What is needed: For this exercise, copy exactly the lines below from the one with "在缠论体系里,上涨+盘整+上涨 = 趋势延续;上涨+盘整+下跌" through the one with "Op de voorzijde" and leave out the pictures.

Provided records:
:::
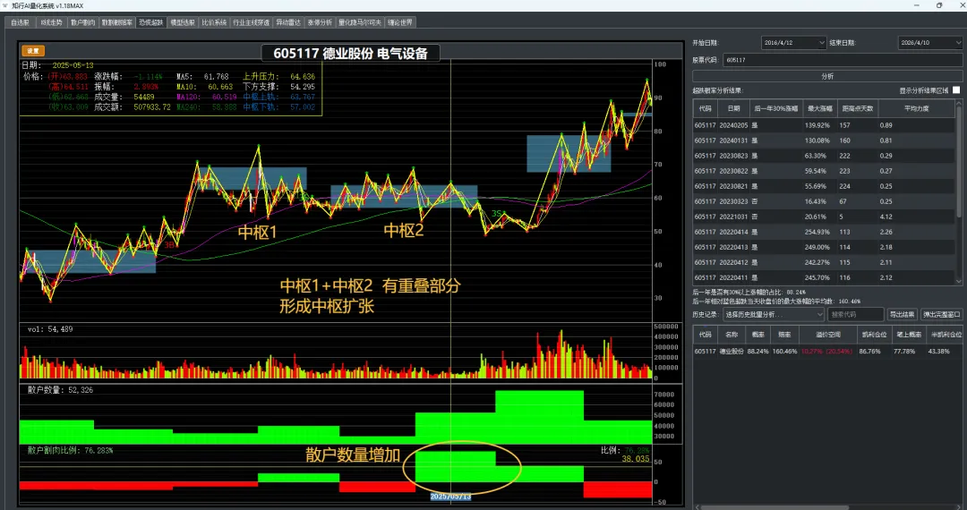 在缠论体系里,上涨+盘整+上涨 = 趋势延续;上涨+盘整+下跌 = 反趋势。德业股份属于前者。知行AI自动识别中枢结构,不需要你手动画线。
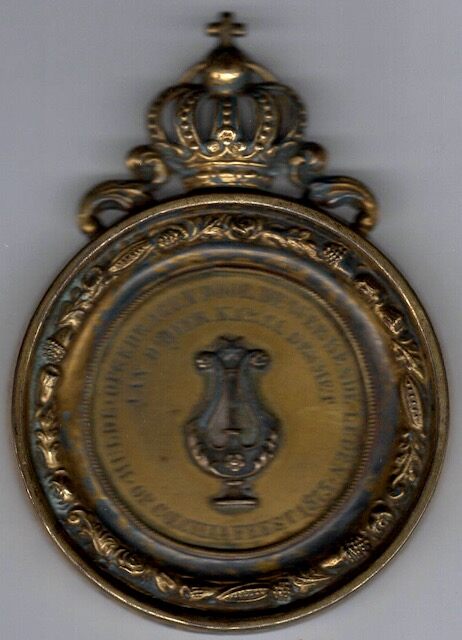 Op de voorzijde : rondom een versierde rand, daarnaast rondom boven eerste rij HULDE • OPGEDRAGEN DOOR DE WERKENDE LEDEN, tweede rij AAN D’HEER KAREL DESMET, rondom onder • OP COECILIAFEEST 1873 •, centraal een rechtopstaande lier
:::
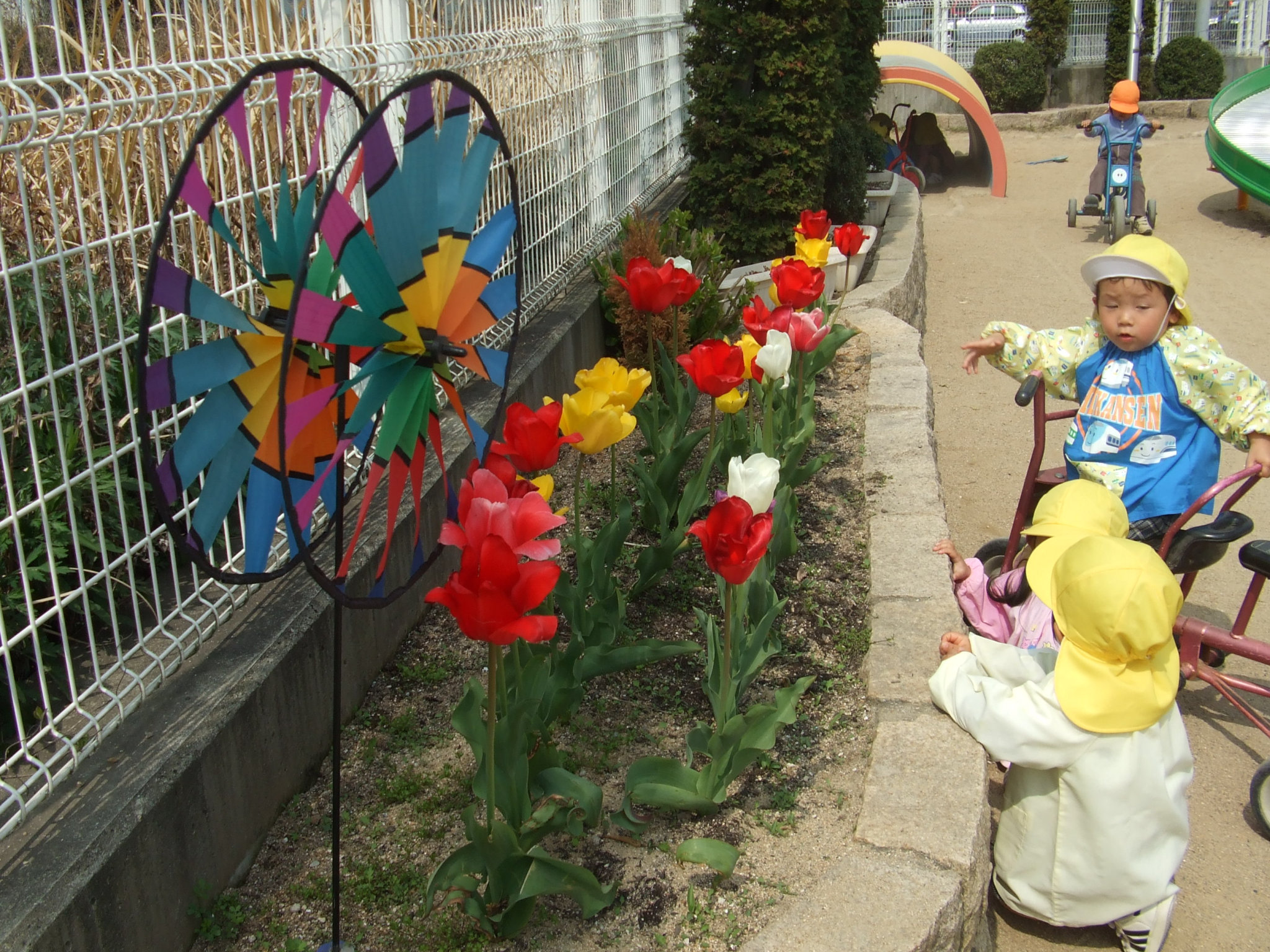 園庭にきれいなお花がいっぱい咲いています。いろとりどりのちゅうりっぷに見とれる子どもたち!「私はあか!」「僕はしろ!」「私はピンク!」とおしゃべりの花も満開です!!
:::
Output of the exercise:
 在缠论体系里,上涨+盘整+上涨 = 趋势延续;上涨+盘整+下跌 = 反趋势。德业股份属于前者。知行AI自动识别中枢结构,不需要你手动画线。
 Op de voorzijde : rondom een versierde rand, daarnaast rondom boven eerste rij HULDE • OPGEDRAGEN DOOR DE WERKENDE LEDEN, tweede rij AAN D’HEER KAREL DESMET, rondom onder • OP COECILIAFEEST 1873 •, centraal een rechtopstaande lier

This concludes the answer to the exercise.